Pom. Lasciami ora... Questa tazza per Lepido.

Lep. Che animale è quel vostro coccodrillo?

Ant. Ha la forma, signore, che gli è propria: è largo come la sua larghezza; è alto esattamente come è, e si muove col ministero de’ suoi organi; vive di ciò che lo nutre, e quando ha digerito gli alimenti, ne mostra la metempsicosi.

Lep. Di qual colore è?

Ant. Del suo colore naturale.

Lep. Dev’essere uno strano serpente!

Ant. Oh sì; e le lagrime che versa sono umide.
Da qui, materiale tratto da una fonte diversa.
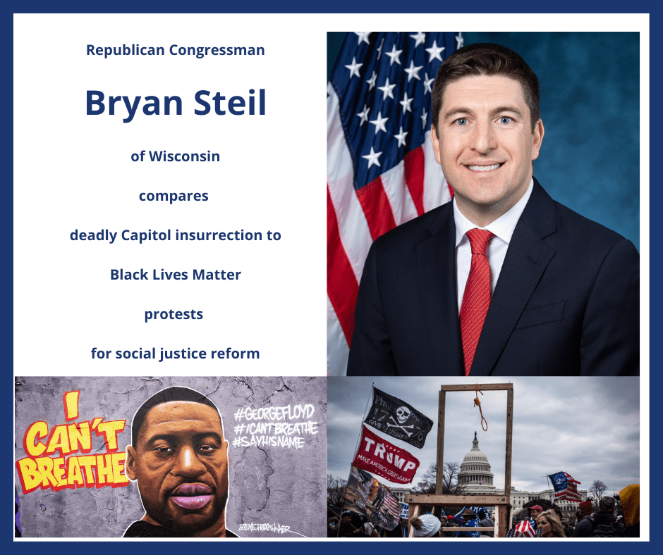 In his press release about the impending impeachment of Donald Trump, Congressman Bryan Steil compared the deadly and treasonous insurrection at our nation’s Capitol building this week with Black Lives Matter marches calling for police reform in the wake of deadly police killings and shootings of Black Americans this summer.

Ces. Sarà pago di questa descrizione?

Ant. Certo, mercè la nuova tazza, che Pompeo gli dà; altrimenti sarebbe un vero Epicuro.

Pom. (a Mena a parte) Va, lasciami, impronto! Di ciò mi parli? Vattene, e fa quel ch’io ti dissi. — Dov’è la tazza che chiesi?

Mena. Se per l’amore de’ miei servigi vuoi ascoltarmi, alzati dal tuo scanno.     (a parte)

Pom. (alzandosi) Ti credo insensato. Che vuoi? (in disparte)

Mena. Io mi sono sempre attenuto alla tua fortuna.

Pom. Mi hai servito con molta fedeltà. Hai altro a dirmi? — State in festa, signori.

Ant. Credo, Lepido, che ci troviamo sopra mobili sabbie, poichè veggo che t’inabissi.

Mena. Vuoi tu essere signore di tutto il mondo?